3. Der Wert des Gegenstands der anwaltlichen Tätigkeit wird auf 10.000 EUR (in Worten: zehntausend Euro) festgesetzt.
Tatbestand
Die Verfassungsbeschwerde betrifft die Verfassungsmäßigkeit der Entziehung einer Fahrerlaubnis wegen verweigerter Beibringung eines behördlich angeforderten Drogenscreenings nach festgestelltem Besitz einer geringen Menge Haschisch.
I.
1. Im Ausgangsverfahren sind von den Gerichten inzwischen aufgehobene beziehungsweise geänderte Bestimmungen des Straßenverkehrsgesetzes (StVG) und der durch den Bundesminister für Verkehr erlassenen Straßenverkehrs-Zulassungs-Ordnung (StVZO) in deren jeweiliger am 8. März 1995 geltenden Fassung angewendet worden. In dieser Fassung sind sie auch für das vorliegende Verfassungsbeschwerde-Verfahren maßgeblich.
2. Dem Beschwerdeführer ist im Jahre 1990 eine Fahrerlaubnis der (nach damaligem Recht) Klassen 3, 4 und 5 erteilt worden.
Im Juni 1994 wurde er anlässlich seiner Teilnahme an einem Rockkonzert einer polizeilichen Personenkontrolle unterzogen. Hierbei wurden bei ihm 1,2 Gramm Haschisch aufgefunden. Das sodann gegen den Beschwerdeführer eingeleitete strafrechtliche Ermittlungsverfahren ist im Oktober 1994 durch die Staatsanwaltschaft eingestellt worden.
Mit Schreiben vom 9. November 1994 teilte die Verkehrsbehörde dem Beschwerdeführer mit, dass wegen des Verdachts auf Drogenkonsum Bedenken hinsichtlich seiner Eignung zum Führen von Kraftfahrzeugen bestünden. Zudem forderte sie ihn in Anwendung von § 15 b Abs. 2 StVZO auf, binnen eines halben Jahres ein durch ein medizinisch-psychologisches Institut auf der Grundlage eines Drogenscreenings („Haaranalyse oder drei politoxikologische Urinkontrollen”) erstelltes Teilgutachten vorzulegen. Für den Fall der Weigerung wurde dem Beschwerdeführer die Entziehung seiner Fahrerlaubnis angedroht. Der Beschwerdeführer ist dieser Aufforderung nicht nachgekommen.

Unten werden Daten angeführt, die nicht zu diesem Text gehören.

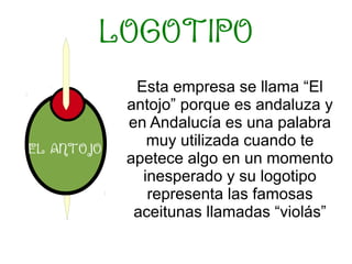La aceitunería "El Antojo" ofrecerá diferentes tipos de aceitunas y bebidas típicas de Huelva a todo tipo de clientes en un establecimiento céntrico y pequeño. El negocio empleará personas con discapacidades móviles para promocionar un servicio rápido de aceitunas a bajo costo que satisfaga antojos repentinos, como su nombre y logotipo de aceitunas violás sugieren.

Die Verkehrsbehörde entzog ihm daraufhin mit für sofort vollziehbar erklärtem Bescheid vom 11. Mai 1995 die Fahrerlaubnis. Der Vorfall im Juni 1994 gebe Anlass zu Bedenken gegen die Eignung des Beschwerdeführers zum Führen von Kraftfahrzeugen. Seine Weigerung, das von ihm geforderte Gutachten beizubringen, lasse darauf schließen, dass er Eignungsmängel verbergen wolle. Dies wiederum berechtige die Verkehrsbehörde, auf die Nichteignung des Beschwerdeführers zum Führen von Kraftfahrzeugen zu schließen.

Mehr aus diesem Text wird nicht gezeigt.